Proof. Assume that x∈riC∩Xopt.

  1. Let y∈C be any vector distinct from x.

  2. Since x∈riC, hence due to Theorem 8.144, there exists s>1 such that z=x+(sβˆ’1)(xβˆ’y)∈C. z is a point behind x on the line from y to x which belongs to C.

  3. Letting t=1s we can rewrite it as

    x=tz+(1βˆ’t)y.
  4. Thus, x is a convex combination of z and y.

  5. By concavity of f, we have

    f(x)β‰₯tf(z)+(1βˆ’t)f(y).
  6. Since x is an optimal point over C and z,y∈C, hence f(x)≀f(z) and f(x)≀f(y).

  7. Thus,

    f(x)β‰₯tf(z)+(1βˆ’t)f(y)β‰₯tf(x)+(1βˆ’t)f(x)=f(x).
  8. This can be true only if f(x)=tf(z)+(1βˆ’t)f(y) which in turn implies that f(x)=f(z)=f(y).

  9. Thus, f must be constant over C.

Corollary 9.3 (Linear functions attain minimum only at boundary points)

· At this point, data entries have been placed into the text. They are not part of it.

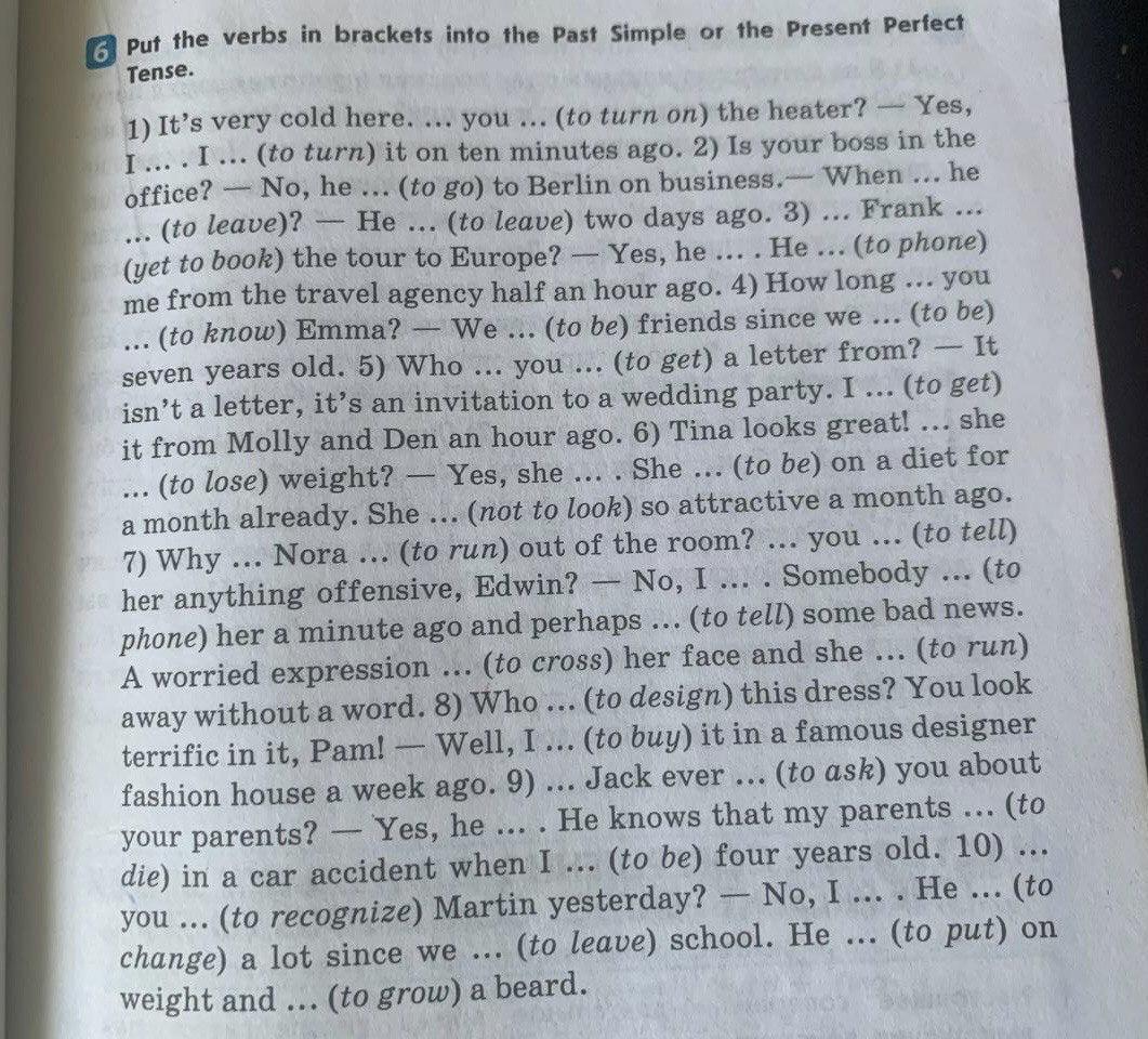 I … . I … (to turn) it on ten minutes ago. 2) Is your boss in the
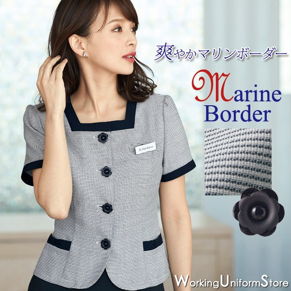 事務服 サマージャケット 86415 マリンボーダー アンジョア en joie
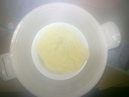 5、发酵完毕后,将桶直接放入微波炉中加热,用90%的火力,加热5-6分钟。
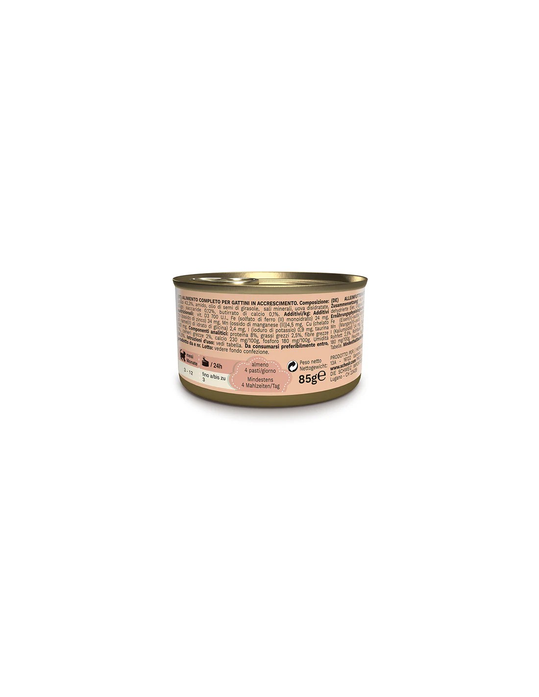 El SCHESIR Kitten Pollo en Mousse para Gatitos - 85 GR (14 Unidades) es una opción gourmet diseñada para los paladares más exigentes de los gatitos en crecimiento.
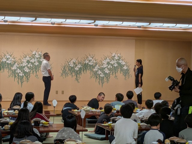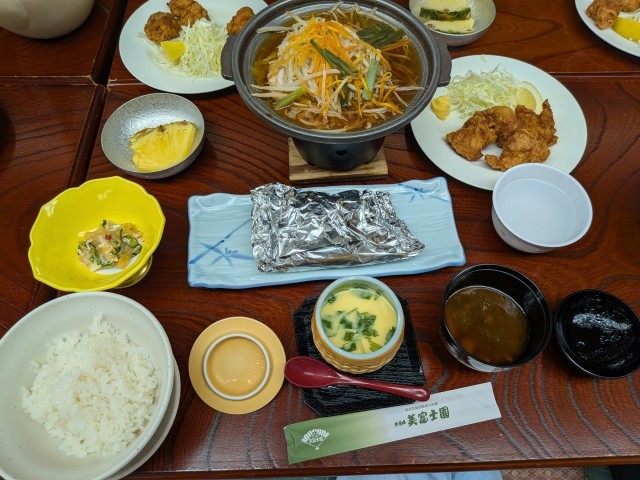 待ちに待った夕食です。宿の方にご挨拶をした後、「いただきます」です。豪華な夕食でテンションが上がります。なかには5杯おかわりするつわ者も。宿の皆様、おいしい食事をありがとうございます。
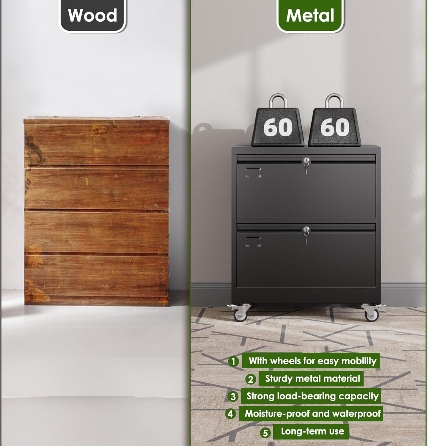- [All-steel Stable-Rustproof] 2 drawer file cabinet with wheels has a reinforced steel frame with a corrosion and stain-resistant powder coat, Rugged and not easily deformed,which is ideal for long-term use.
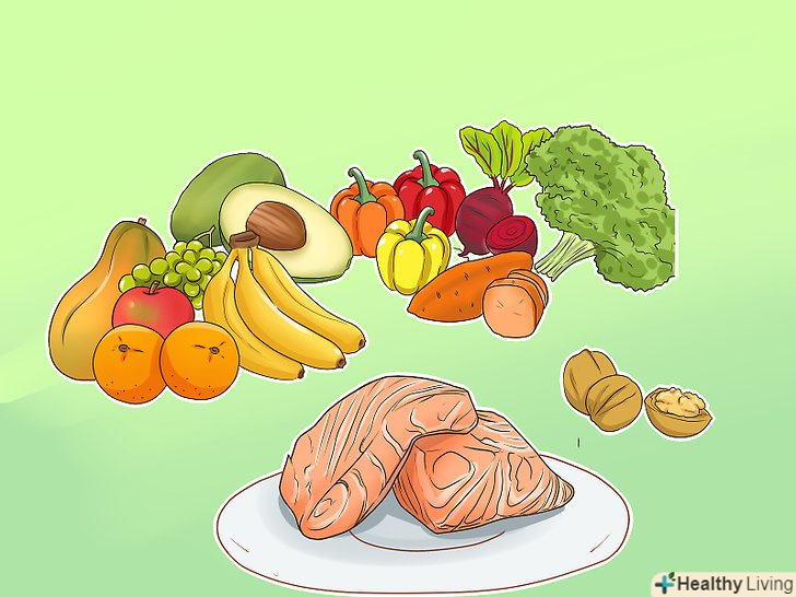 Спробуйте середземноморську дієту.Середземноморська дієта, як відомо, сприяють здоров'ю серця і допомагають тримати м'язи в тонусі. Ця дієта складається з п'яти невеликих прийомів їжі в день, замість трьох великих. У ній також використовується оливкова олія, а не рослинна, тому що оливкова олія багата мононенасиченими жирами (що означає, що це корисні жири). [5] харчування, як правило, складається з:- Порція нежирного м'яса або риби, злакові, свіжі фрукти, овочі, горіхи і бобові.
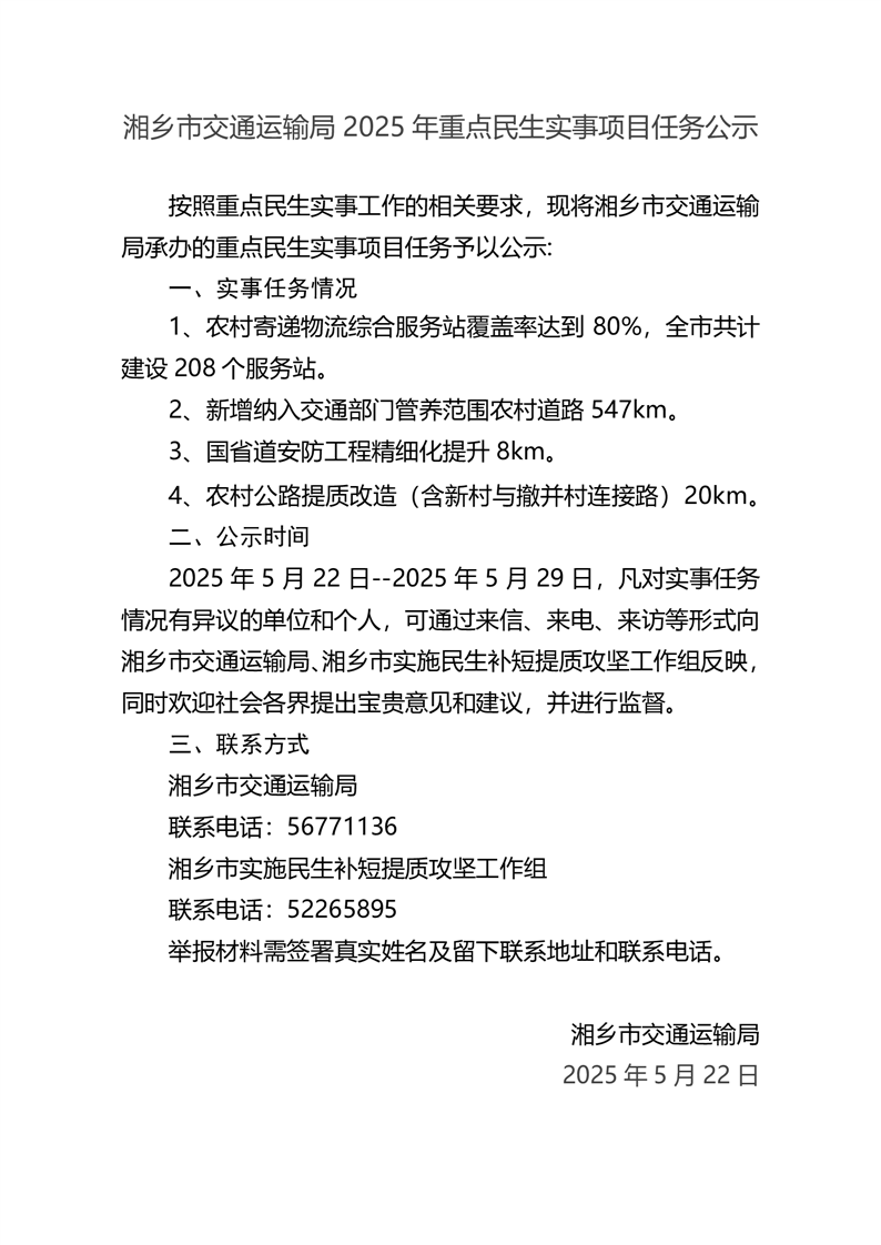 湘鄉市交通運輸局2025年重點民生實事項目任務公示
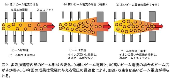 研究グループは「ビーム」を加速させる装置の電圧を最適に調整することで、この「渋滞」を解消しつつ、「ビーム」を集中的にプラズマへ打ち込む、新しい技術を開発しました。
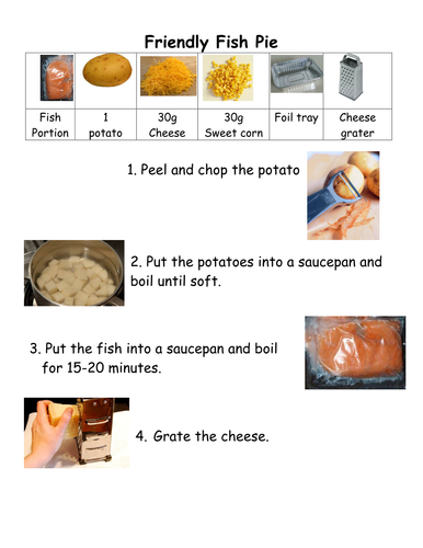 Reading Recipes Teaching Resources | Teachers Pay Teachers Here is a set of worksheets to practice comprehension of recipes. Included in this product are 10 recipes plus 2 worksheets for each recipe. Both recipes and worksheets include 2 levels: written and with pictures. The texts are the same for each level, but one level includes pictures in order to aide with comprehension.
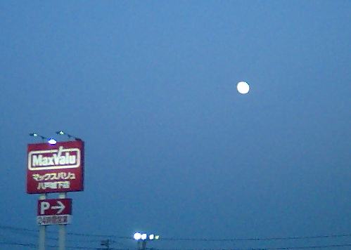 ノコはツチノコの指摘した誤字を直し、原稿を完成させた。 すっかり夜になっていた。「宿題できたら、深夜にスクリブル出版へ持って行くか」 ノコは、宿題をツチノコにやらせながら、スーパー天狗抜で夕食の弁当を調達してきた。 朝、昼と同じように、釘打神社の裏を通ると、社務所から『ジャッ、ジャジャジャジャッ、ジャジャジャジャッ、』と、水戸黄門のテーマが聞こえてきた。 宮司の御神 菊之介が、社務所の中で時代劇を見ているのだ。 そうなると、テレビの前から1歩も動こうとしない。社務所には、四方に窓があるから、気づかれないよう通り過ぎなければならない。 そう思ったとたんに、枯れ枝を踏んでしまった。バキッと、すごい音がした。(やばっ) ノコは社務所を見た。菊之介は気づいていない。(やっぱ、水戸黄門に夢中になってると気づかないのね) と思って、堂々と音を立てて歩き始めると、社務所のサッシがガラッと開いた。「何者だ!!」 とっさに、ノコは草むらに隠れた。菊之介は、いま足を悪くしているから、ゆっくり戸に向かって歩いていただけだったのだ。(やっば~) 額に青筋を立てて周囲を見回す菊之介が、戸を閉めてテレビの前に戻るまで、ノコは息もできずにいた。<つづく>-------------------------------------------------------------- ゆうべ観ましたダ・ヴィンチ・コード。 おとといから、さんざんアフィリを張ったので、今日はテキストリンクだけにします。ダ・ヴィンチ・コード デラックス・コレクターズ・エディション 一度、映画館で観ているから安心して観られました。 ところが、ルーブル美術館きれ~とか思っているうちに、な、なんと爆睡w ・・・・。 母が、「信じられない!!」と言ってました。ハイ、私も信じられません。 これはサスペンスなんだけど、映画はとっても重厚で静かに進んでいくから、つい寝てしまいました。 私には、どんなに大好きな映画でも、音楽がファ~ッとしてたり、展開がスローだと、睡魔に襲われてしまう、非常に怪しからんクセがある ジョニー・デップの出演した映画で一番好きな、「ナインスゲート」も、ヨーロッパを舞台にゆったりと進む物語だから、2回寝ました。洋画40◆ナインスゲート デラックス版 そして、やっと3回目のとき、全部観ることができた。 DVDだったら何回も観られるけど、これを映画館でやっちゃったら勿体ないなぁ。 さて、今日の一枚は、ゆうべSCの駐車場で撮った月。 一昨日が十三夜でしたね。今日も天気が良かったから、満月を見られそうです。

Let V be an n-dimensional real normed linear space. Let f:Vβ†’R be a nonzero linear functional. Let CβŠ†V be a convex set. Then, f cannot attain a minimum at any relative interior point of C.

In other words, f can attain a minimum only at the relative boundary of C (if it does attain a minimum over C).

Proof. We note that every linear functional is also concave.

  1. Let x∈riC.

  2. Then, there exists r>0 such that B(x,r)∩affCβŠ†C.

  3. Since f is linear, hence f cannot be constant over B(x,r)∩affC.

  4. Thus, by Theorem 9.5, it cannot attain a minimum at x.